Students would be likely to learn more in college and academic rigor would be increased, say two higher-education leaders, if faculty members and accountability advocates focused on a deceptively simple idea: Ask students to produce original work and judge them on it, not on how they perform on standardized tests or how many hours they spend in class.
This idea underlies a new paper, by Peter T. Ewell, vice president of the National Center for Higher Education Management Systems, and its afterword, by Carol Geary Schneider, president of the Association of American Colleges and Universities.
The paper and afterword were released on Thursday by the National Institute for Learning Outcomes Assessment, which advocates for the use of assessment data to improve undergraduate education.
The two documents elaborate on a framework for student learning, called the Degree Qualifications Profile, put forth two years ago by the Lumina Foundation, which also supports the assessment institute. The degree profile has since been tested by about 220 colleges and is undergoing revision.
The degree profile seeks to consistently and clearly describe common principles about what a college degree means at different levels of attainment, while still allowing for variations in disciplines and institutions.
The paper and its afterword offer practical examples of how the degree profile works while also seeking to reinvigorate the effort. The documents also arrive as worries fester about how much students learn, and interest grows in finding new ways to certify student learning beyond traditional measures like how much time students spend in class or how many credits they amass.
The paper and afterword aim to rebut critics who accuse those behind the degree profile of seeking to pave the way for widespread standardized testing in higher education.
The opposite is true, Ms. Schneider wrote. The degree profile was designed to de-emphasize standardized tests and to bring faculty judgment and the work of students to the center of higher education.
“College must prepare learners to deal with the complex and uncertain, not just with the rote and routine,” she wrote. “Multiple-choice tests will not meet this standard.”
Making ‘Mush’ Solid
Ms. Schneider and Mr. Ewell drafted the degree profile two years ago with Clifford Adelman, a senior associate at the Institute for Higher Education Policy, and Paul L. Gaston, III, a professor of English at Kent State University.
The degree profile is an effort to describe what students who earn associate, bachelor’s, or master’s degrees should be able to do by the time they graduate. It spells out reference points for what students should be learning and demonstrating at the three degree levels, and does so in five areas: broad, integrative knowledge; specialized knowledge; intellectual skills; applied learning; and civic learning.
Quickly grasping the degree profile is not easy. The graphical representation of it looks like a pentagon being stretched by a multicolored spider’s web. An expert who was receptive to the degree profile described the task of finding practical ways to use it as “pretty mushy stuff.”
Mr. Ewell’s paper seeks to bring some solidity to the mush. The degree profile pushes faculty members to assign students tasks in which they must produce something, whether a research paper, a class project, a portfolio of work, or a performance, he wrote.
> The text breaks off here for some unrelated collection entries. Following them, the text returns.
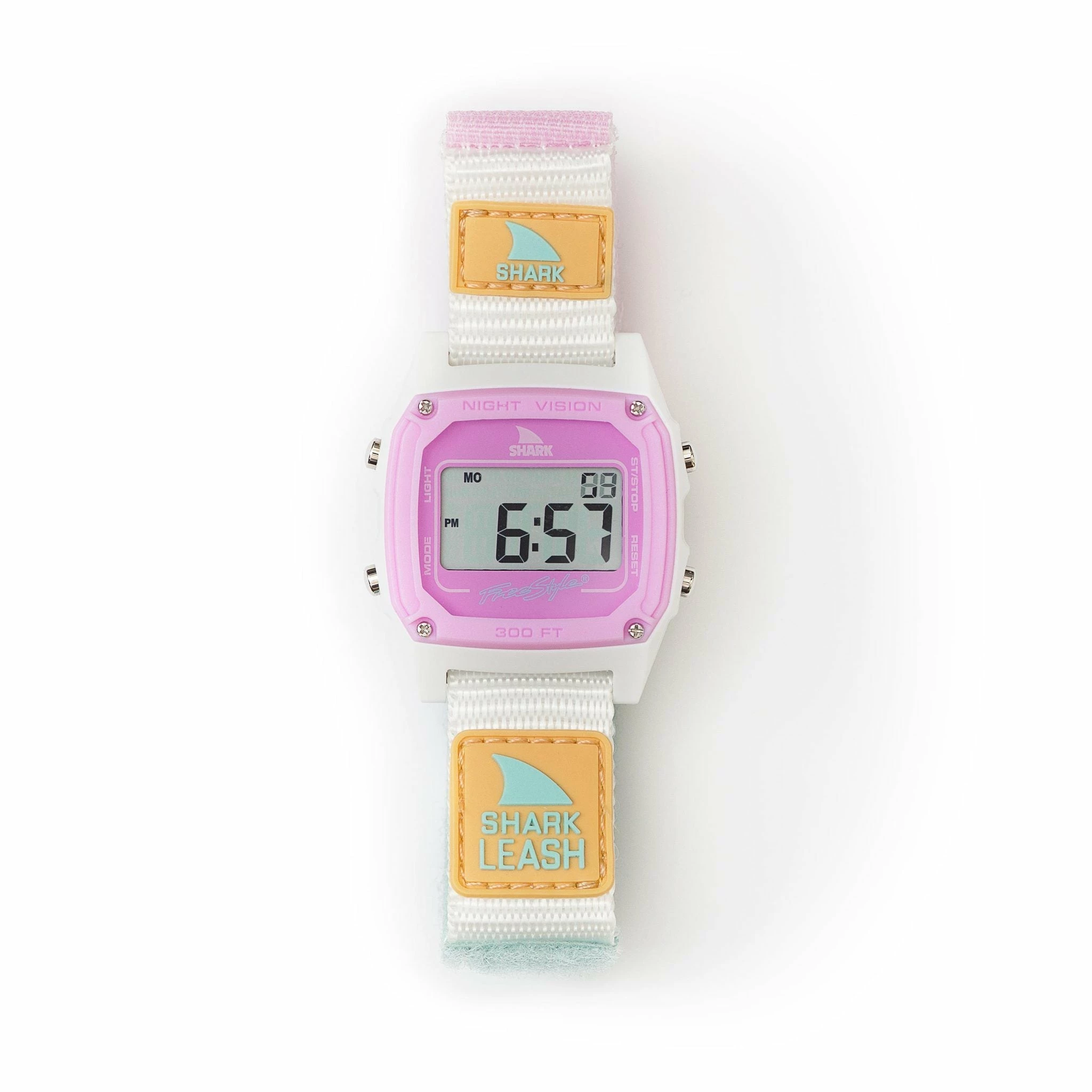 They’re Back. The original Velcro band that ignited Freestyle Watches in the late 80’s is back and better than ever. The shark leash’s velcro closure system is modeled after an 80’s style surfboard leash, and is ready to get radical. The Shark Leash comes loaded with standard digital features like time, date, stopwatch, countdown timer, alarm and night vision backlight. Like all Freestyle Watches, The Shark Leash is water resistant to 100 Meters and backed by our limited lifetime warranty. Shark to the Future!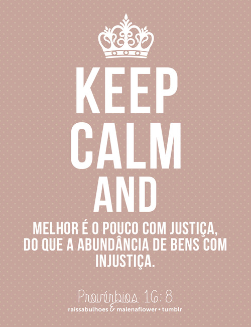 Keep calm and “Melhor é o pouco com justiça do que a abundância de bens com injustiça.” Provérbios 16.8
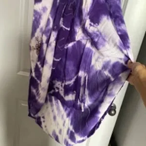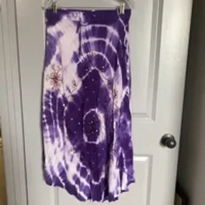 This is a pre-owned, tie-dye skirt with a purple and white pattern. The skirt features an elastic waistband with a drawstring. It has floral embroidery with small sequins. The material appears to be lightweight. The tag indicates the brand is 'Pink Apple ' and the size is L. There are no visible tears or stains.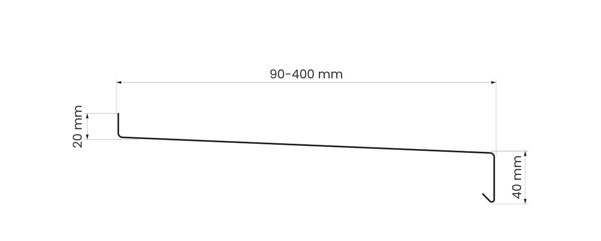 przekrój parapetu z noskiem o wysokości 20 mm

“Merely identifying a ‘correct’ answer from a set of posed alternatives is not a production task,” Mr. Ewell wrote, referring to the common use of multiple-choice tests. “Simply put, the construction of the assignment must unavoidably elicit a demonstration of the competency.”
Learning outcomes for many courses and syllabi include language like “appreciate” or “value,” which the degree profile’s authors find vague and unlikely to prod students to create work that demonstrates what they know. Instead, the degree profile emphasizes concrete, active verbs like “construct,” “explain,” “assess,” and “create.”
Mr. Ewell also offered examples of the degree profile in action.
A student at the bachelor’s level, for instance, might demonstrate his or her specialized knowledge by writing a short essay analyzing the logic of creationists who argue that the Second Law of Thermodynamics supports their point of view. The natural direction of change is from complexity to simplicity, the law states, so the complex human life form cannot have evolved from more primitive forms of life, some creationists say. The assignment might tell students to describe the kind of logic the creationists are using and to analyze the critiques for and against their argument.
Once students write such an essay, faculty members must rigorously evaluate the work. An increasingly common tool used for this purpose is a rubric, or a structured grading guide.
Such assignments and evaluations are often not the norm, the authors acknowledge. If professors use multiple-choice tests, grade essays according to opaque standards, or spend more time lecturing students than asking them to create work of their own, it reflects how most of them were trained.
“We’re not taught to think about these things in graduate school,” said Mr. Adelman. One objective of the degree profile, he said, is to put more power in the hands of faculty members. But such a transition also would put more pressure on them to teach students and to help them improve.
Faculty members will need to change their assignments so they elicit the kind of behavior supported by the degree profile.
“You do this stuff all the time,” Mr. Adelman said, describing the message to faculty members. “Just do it better.”